### Your objective
Please set down only the lines below starting with the line with "Beautiful inviting space" and going on through the line with "Bernard vous accueille", verbatim and without pictures.

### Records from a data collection
# # #

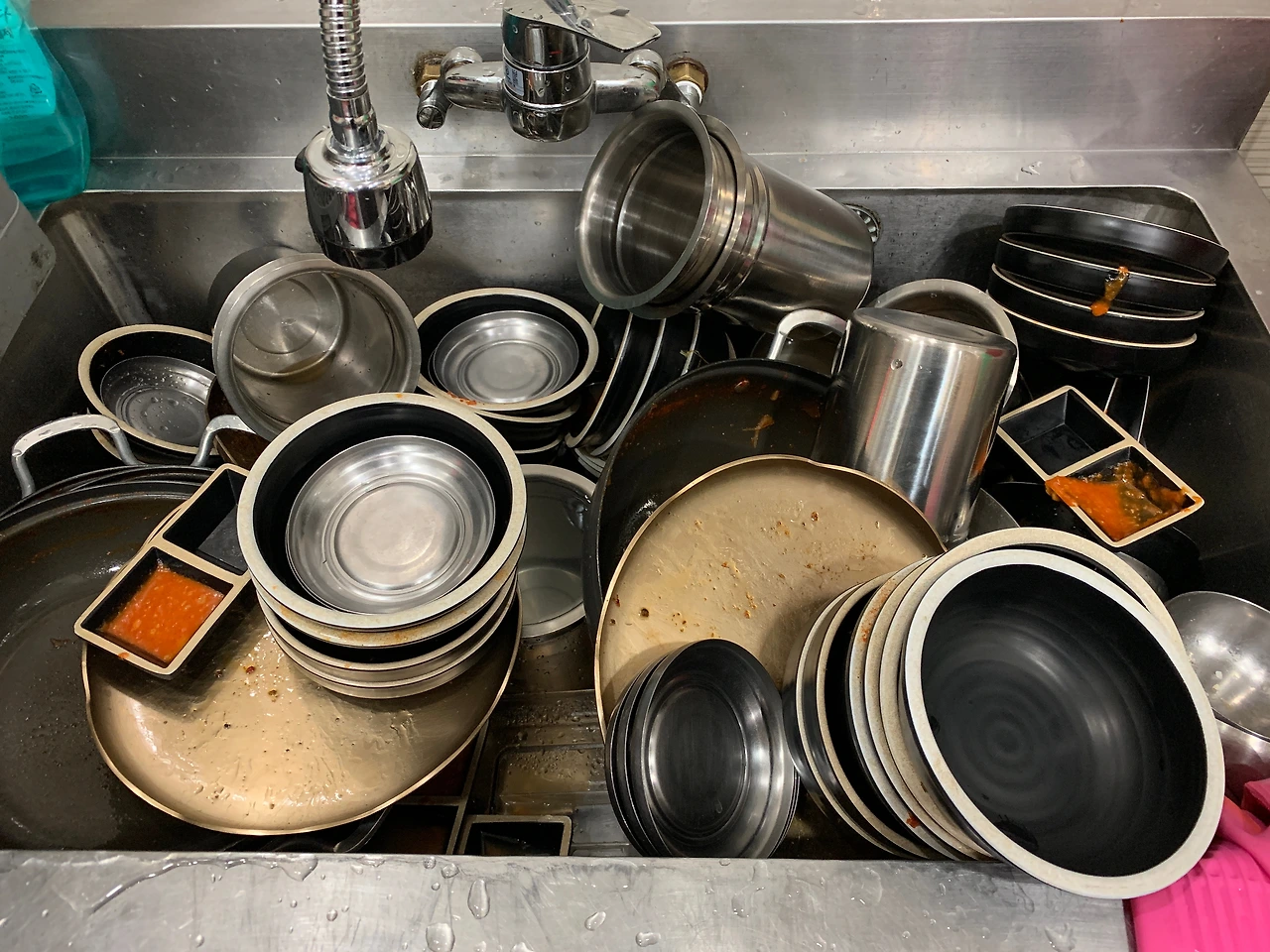 설거지할 기본 그릇의 수가 일식보다 훨씬 많다.
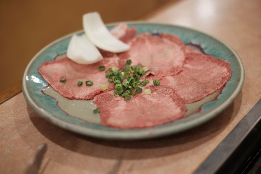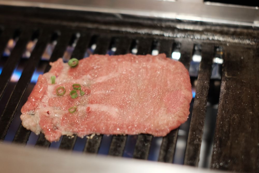 まずは塩タンです。これとは別に「タン(タレ or 塩)というメニューもあったんだけど、お店の人に聞くと部位が違うらしい。塩タンと書いてる方がより柔らかい部位とのことでした。
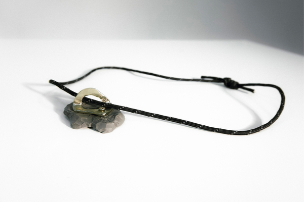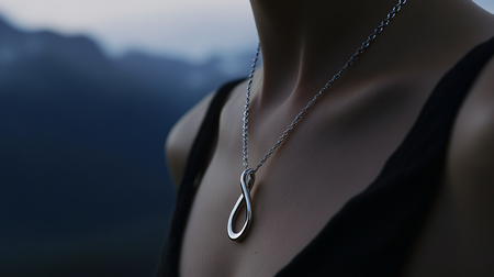 /imagine prompt: An elegant necklace with a figure-eight safety pendant, its sleek design contrasts with a fine silver rope chain. The chain runs through the carabiner, creating a bold, modern look. Photographed in the far background against a dark gray chipped freestanding stone in soft, diffused light that highlights the metal finish and intricate details of the chain. Artistic, rough yet sophisticated jewelry and product photography in hd format
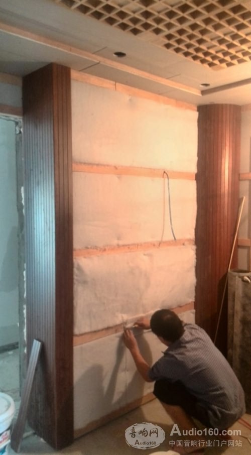 吸音隔音:墻面采用三層復合棉氈14MM+木龍骨+聚酯纖維棉。施工方法:復合棉氈+木龍骨+填充聚酯纖維棉+5厘板打孔+木質吸音板。
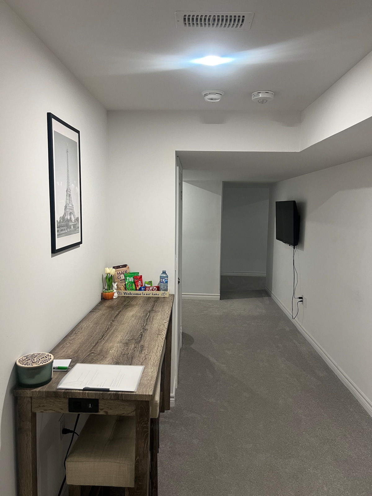 Beautiful inviting space for families as well as individuals. Brand New Fully renovated area with lots of amenities for the whole family. 2 Great size bedroom with queen size beds. Jack And Jill full washroom with an amazing shower that boast body jets. Comes with all the bells and whistles. Open concept with Living room, Dining room, Full Kitchen, Washer and Dryer, free parking, work area ideal for remote work, and lots more…. NO UNREGISTERED GUESTS ARE ALLOWED AS PER HOUSE RULES.
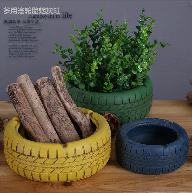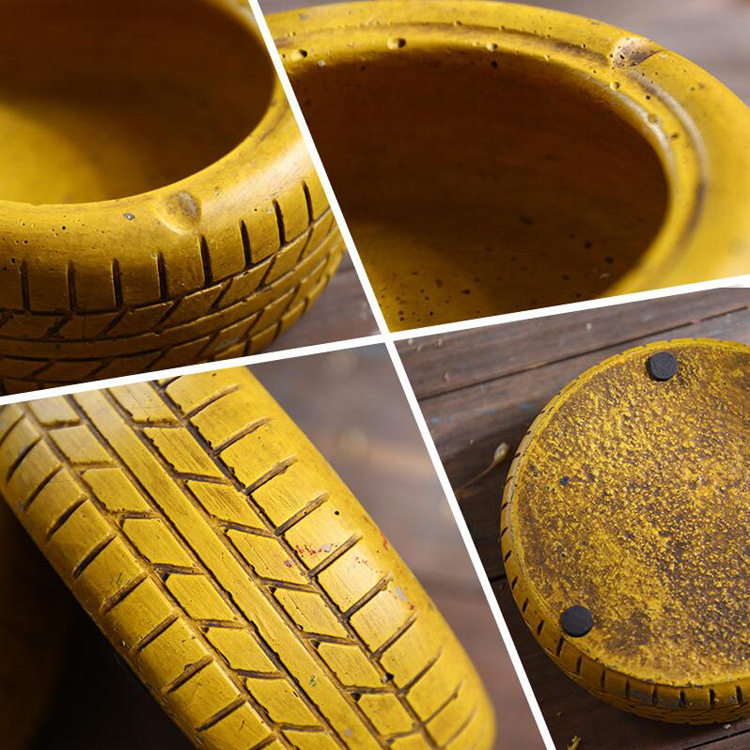 Retro cement tire ashtray decoration succulent flower pot storage desktop decoration crafts home decoration
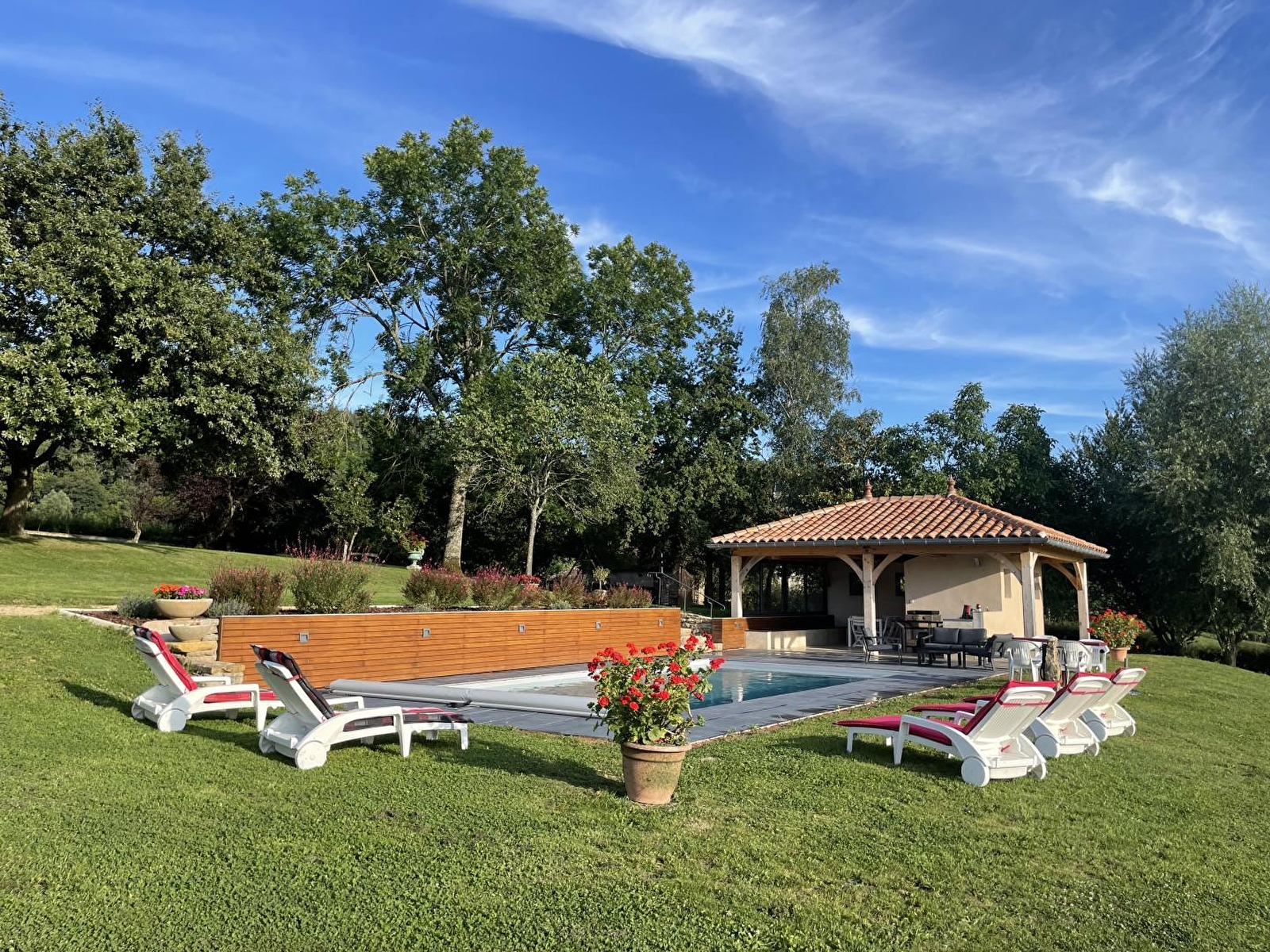 Bernard vous accueille au sein d'une élégante authentique demeure de caractère de 1690 chargée d'histoire, propriété familiale depuis le XVIIIe, ancienne ferme viticole liée jadis à l'abbaye de Cluny, sise au calme en pleine campagne vallonnée au sein d'un paisible petit hameau adossé à flanc de coteau exposé, au creux d'un bucolique cirque de bocage blotti sous les collines boisées dominant Cluny. Magnifique écrin préservé de nature & verdure, entre prairies, vignobles & forêts, littéral havre de paix & repos lové au cœur d'un site classé "Zone Natura 2000". Belle vue dégagée sur la campagne environnante. Superbes panorama & paysages. Exceptionnel domaine privé de 30 ha, en très large partie "naturel" (disposant entre autres d'un étang de pêche avec carpes & gardons et d'une grande forêt parsemée de sentiers de randonnées), comprenant un agréable parc clos de 5000m² aux arbres centenaires soigneusement aménagé (accueillant une ânesse, un poney & un arboretum riche de plus d'une dizaine de variétés) doté d'une belle piscine chauffée (9x4.5m) et de nombreux espaces ludiques de repos & détente. Absolus calme & tranquillité. Spacieux gîte de bon confort. Beaux volumes. Chaleureux cachet campagnard alliant l'esprit d'une "maison de famille" et l'ambiance dépaysante d'une ancienne demeure (plafonds à la française, linteaux de fenêtre en pierres d'origine…). Large terrasse (en gravier) exposée & ombragée sous les arbres & agréable jardin privatifs.
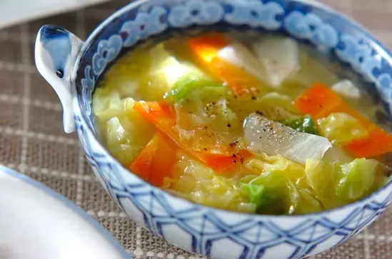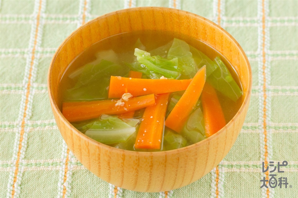 キャベツとにんじんのコンソメスープのレシピ・作り方 簡単&時短- レタスクラブ。

# # #

### Output
 Beautiful inviting space for families as well as individuals. Brand New Fully renovated area with lots of amenities for the whole family. 2 Great size bedroom with queen size beds. Jack And Jill full washroom with an amazing shower that boast body jets. Comes with all the bells and whistles. Open concept with Living room, Dining room, Full Kitchen, Washer and Dryer, free parking, work area ideal for remote work, and lots more…. NO UNREGISTERED GUESTS ARE ALLOWED AS PER HOUSE RULES.
 Retro cement tire ashtray decoration succulent flower pot storage desktop decoration crafts home decoration
 Bernard vous accueille au sein d'une élégante authentique demeure de caractère de 1690 chargée d'histoire, propriété familiale depuis le XVIIIe, ancienne ferme viticole liée jadis à l'abbaye de Cluny, sise au calme en pleine campagne vallonnée au sein d'un paisible petit hameau adossé à flanc de coteau exposé, au creux d'un bucolique cirque de bocage blotti sous les collines boisées dominant Cluny. Magnifique écrin préservé de nature & verdure, entre prairies, vignobles & forêts, littéral havre de paix & repos lové au cœur d'un site classé "Zone Natura 2000". Belle vue dégagée sur la campagne environnante. Superbes panorama & paysages. Exceptionnel domaine privé de 30 ha, en très large partie "naturel" (disposant entre autres d'un étang de pêche avec carpes & gardons et d'une grande forêt parsemée de sentiers de randonnées), comprenant un agréable parc clos de 5000m² aux arbres centenaires soigneusement aménagé (accueillant une ânesse, un poney & un arboretum riche de plus d'une dizaine de variétés) doté d'une belle piscine chauffée (9x4.5m) et de nombreux espaces ludiques de repos & détente. Absolus calme & tranquillité. Spacieux gîte de bon confort. Beaux volumes. Chaleureux cachet campagnard alliant l'esprit d'une "maison de famille" et l'ambiance dépaysante d'une ancienne demeure (plafonds à la française, linteaux de fenêtre en pierres d'origine…). Large terrasse (en gravier) exposée & ombragée sous les arbres & agréable jardin privatifs.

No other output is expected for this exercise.